Segment Start: The records

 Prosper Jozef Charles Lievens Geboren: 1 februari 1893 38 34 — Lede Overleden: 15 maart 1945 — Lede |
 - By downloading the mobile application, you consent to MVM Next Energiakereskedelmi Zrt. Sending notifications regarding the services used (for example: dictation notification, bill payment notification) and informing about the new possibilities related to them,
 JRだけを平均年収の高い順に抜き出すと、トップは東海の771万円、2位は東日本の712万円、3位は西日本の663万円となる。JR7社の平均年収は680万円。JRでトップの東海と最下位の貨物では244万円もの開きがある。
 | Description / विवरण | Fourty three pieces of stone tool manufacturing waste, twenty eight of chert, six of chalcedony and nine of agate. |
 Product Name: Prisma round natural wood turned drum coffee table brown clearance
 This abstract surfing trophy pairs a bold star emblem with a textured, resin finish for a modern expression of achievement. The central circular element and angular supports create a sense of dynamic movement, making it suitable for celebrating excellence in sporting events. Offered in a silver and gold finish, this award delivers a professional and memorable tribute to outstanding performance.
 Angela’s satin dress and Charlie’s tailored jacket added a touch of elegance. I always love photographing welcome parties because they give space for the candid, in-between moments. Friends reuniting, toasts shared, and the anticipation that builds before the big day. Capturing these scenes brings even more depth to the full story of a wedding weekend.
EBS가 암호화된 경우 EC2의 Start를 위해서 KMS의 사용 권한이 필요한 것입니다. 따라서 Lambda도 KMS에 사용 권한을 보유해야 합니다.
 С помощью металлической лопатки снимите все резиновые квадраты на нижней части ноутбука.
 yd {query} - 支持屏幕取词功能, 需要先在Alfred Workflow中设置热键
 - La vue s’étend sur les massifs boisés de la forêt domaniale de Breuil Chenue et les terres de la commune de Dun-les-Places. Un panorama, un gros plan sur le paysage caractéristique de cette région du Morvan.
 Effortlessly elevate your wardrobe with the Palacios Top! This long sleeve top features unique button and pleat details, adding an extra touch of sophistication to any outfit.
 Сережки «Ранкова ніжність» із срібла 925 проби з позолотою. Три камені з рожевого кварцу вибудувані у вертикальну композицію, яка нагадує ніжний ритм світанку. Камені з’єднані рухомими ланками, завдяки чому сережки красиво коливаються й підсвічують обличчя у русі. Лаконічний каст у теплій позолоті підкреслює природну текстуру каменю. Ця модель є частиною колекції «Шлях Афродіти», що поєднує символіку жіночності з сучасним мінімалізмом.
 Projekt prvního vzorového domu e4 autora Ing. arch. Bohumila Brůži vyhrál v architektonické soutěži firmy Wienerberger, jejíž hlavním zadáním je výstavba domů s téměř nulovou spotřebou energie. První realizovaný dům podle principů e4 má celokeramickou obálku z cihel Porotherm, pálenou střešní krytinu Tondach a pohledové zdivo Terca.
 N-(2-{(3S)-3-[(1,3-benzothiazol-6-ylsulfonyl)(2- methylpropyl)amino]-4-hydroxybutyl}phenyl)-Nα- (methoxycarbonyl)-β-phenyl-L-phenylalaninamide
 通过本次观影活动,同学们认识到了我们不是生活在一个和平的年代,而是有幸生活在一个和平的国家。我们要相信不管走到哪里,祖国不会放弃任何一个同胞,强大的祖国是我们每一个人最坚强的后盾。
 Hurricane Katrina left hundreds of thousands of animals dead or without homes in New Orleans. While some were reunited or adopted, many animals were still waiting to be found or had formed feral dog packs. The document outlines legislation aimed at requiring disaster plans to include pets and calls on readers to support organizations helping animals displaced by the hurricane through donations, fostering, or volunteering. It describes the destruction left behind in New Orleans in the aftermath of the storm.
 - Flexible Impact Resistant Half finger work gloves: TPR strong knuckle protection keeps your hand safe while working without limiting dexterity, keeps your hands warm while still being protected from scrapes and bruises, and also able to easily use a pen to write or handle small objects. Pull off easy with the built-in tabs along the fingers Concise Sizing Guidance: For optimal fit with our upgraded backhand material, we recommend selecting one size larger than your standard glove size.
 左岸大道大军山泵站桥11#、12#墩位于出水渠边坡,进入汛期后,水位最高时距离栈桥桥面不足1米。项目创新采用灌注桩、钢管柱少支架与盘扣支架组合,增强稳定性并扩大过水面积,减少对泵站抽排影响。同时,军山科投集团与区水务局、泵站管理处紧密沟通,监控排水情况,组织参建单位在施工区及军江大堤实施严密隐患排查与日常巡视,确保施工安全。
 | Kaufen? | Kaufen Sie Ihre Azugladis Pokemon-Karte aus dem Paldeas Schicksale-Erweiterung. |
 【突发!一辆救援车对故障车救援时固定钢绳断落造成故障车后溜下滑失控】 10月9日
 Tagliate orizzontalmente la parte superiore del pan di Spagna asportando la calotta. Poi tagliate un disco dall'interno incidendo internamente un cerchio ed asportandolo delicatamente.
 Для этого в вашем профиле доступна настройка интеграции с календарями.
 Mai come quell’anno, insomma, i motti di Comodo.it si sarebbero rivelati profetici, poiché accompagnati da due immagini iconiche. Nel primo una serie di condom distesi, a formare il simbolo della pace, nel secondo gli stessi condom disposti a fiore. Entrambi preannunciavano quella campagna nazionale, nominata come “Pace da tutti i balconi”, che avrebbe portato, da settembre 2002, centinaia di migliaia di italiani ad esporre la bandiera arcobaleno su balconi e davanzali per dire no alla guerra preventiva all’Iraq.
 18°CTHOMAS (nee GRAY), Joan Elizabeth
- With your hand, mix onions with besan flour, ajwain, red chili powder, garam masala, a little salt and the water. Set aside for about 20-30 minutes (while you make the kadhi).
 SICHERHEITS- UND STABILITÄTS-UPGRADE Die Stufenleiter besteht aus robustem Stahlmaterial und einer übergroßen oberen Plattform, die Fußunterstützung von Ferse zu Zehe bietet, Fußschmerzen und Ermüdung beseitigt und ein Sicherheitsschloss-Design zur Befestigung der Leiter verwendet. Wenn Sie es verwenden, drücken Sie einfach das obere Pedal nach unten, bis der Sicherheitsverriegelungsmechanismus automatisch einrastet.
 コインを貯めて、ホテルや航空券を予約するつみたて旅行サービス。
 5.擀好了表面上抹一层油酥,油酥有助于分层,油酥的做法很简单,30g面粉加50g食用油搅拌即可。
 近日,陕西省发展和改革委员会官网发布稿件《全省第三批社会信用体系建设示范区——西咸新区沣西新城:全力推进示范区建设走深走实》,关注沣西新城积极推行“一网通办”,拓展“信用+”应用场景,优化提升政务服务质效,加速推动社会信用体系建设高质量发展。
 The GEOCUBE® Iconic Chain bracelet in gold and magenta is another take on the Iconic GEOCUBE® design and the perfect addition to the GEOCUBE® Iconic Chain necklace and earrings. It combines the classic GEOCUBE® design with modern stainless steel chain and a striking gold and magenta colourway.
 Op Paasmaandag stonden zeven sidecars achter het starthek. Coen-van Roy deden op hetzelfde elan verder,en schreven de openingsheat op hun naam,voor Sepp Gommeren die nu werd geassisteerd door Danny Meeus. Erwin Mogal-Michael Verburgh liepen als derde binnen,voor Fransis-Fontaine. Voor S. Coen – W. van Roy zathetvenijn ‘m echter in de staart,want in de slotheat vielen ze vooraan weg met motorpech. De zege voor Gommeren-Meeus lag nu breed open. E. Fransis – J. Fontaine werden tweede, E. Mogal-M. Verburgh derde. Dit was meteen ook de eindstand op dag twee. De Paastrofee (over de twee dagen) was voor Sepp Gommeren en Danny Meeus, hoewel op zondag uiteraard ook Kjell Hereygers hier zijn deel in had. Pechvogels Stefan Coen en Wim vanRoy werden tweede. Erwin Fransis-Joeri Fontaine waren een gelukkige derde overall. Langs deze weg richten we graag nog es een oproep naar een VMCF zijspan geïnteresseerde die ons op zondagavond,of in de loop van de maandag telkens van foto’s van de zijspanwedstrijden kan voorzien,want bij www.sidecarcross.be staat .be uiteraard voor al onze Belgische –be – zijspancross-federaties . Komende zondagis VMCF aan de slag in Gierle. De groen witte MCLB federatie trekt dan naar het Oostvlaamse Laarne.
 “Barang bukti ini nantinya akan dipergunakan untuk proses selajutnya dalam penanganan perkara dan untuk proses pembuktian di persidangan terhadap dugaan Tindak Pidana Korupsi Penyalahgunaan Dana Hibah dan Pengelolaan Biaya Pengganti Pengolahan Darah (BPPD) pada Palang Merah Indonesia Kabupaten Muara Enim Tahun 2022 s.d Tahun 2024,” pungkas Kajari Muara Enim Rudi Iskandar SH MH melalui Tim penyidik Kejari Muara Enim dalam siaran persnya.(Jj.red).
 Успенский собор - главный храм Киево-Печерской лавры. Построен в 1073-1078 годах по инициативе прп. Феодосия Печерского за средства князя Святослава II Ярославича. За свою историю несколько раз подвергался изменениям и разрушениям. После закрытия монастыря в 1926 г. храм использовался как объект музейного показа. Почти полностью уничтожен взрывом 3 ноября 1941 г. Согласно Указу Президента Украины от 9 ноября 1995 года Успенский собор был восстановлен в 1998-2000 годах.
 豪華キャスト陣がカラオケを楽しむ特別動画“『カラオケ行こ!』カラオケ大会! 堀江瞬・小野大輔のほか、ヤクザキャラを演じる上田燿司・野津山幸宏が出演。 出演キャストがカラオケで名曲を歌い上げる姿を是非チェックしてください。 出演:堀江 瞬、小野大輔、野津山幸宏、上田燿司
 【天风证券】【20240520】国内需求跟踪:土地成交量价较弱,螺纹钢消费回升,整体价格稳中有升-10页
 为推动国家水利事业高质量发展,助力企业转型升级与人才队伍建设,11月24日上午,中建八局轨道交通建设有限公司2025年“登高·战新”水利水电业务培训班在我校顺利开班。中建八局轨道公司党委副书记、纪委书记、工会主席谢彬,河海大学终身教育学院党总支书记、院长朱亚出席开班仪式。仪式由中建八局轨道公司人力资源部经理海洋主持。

Segment End: The records

■ How to complete this task
Look through the entries above and quote exactly the lines from the line with "SICHERHEITS- UND STABILITÄTS-UPGRADE" to the line with "The GEOCUBE® Iconic Chain bracelet", counting both of those lines.

■ Task output
 SICHERHEITS- UND STABILITÄTS-UPGRADE Die Stufenleiter besteht aus robustem Stahlmaterial und einer übergroßen oberen Plattform, die Fußunterstützung von Ferse zu Zehe bietet, Fußschmerzen und Ermüdung beseitigt und ein Sicherheitsschloss-Design zur Befestigung der Leiter verwendet. Wenn Sie es verwenden, drücken Sie einfach das obere Pedal nach unten, bis der Sicherheitsverriegelungsmechanismus automatisch einrastet.
 コインを貯めて、ホテルや航空券を予約するつみたて旅行サービス。
 5.擀好了表面上抹一层油酥,油酥有助于分层,油酥的做法很简单,30g面粉加50g食用油搅拌即可。
 近日,陕西省发展和改革委员会官网发布稿件《全省第三批社会信用体系建设示范区——西咸新区沣西新城:全力推进示范区建设走深走实》,关注沣西新城积极推行“一网通办”,拓展“信用+”应用场景,优化提升政务服务质效,加速推动社会信用体系建设高质量发展。
 The GEOCUBE® Iconic Chain bracelet in gold and magenta is another take on the Iconic GEOCUBE® design and the perfect addition to the GEOCUBE® Iconic Chain necklace and earrings. It combines the classic GEOCUBE® design with modern stainless steel chain and a striking gold and magenta colourway.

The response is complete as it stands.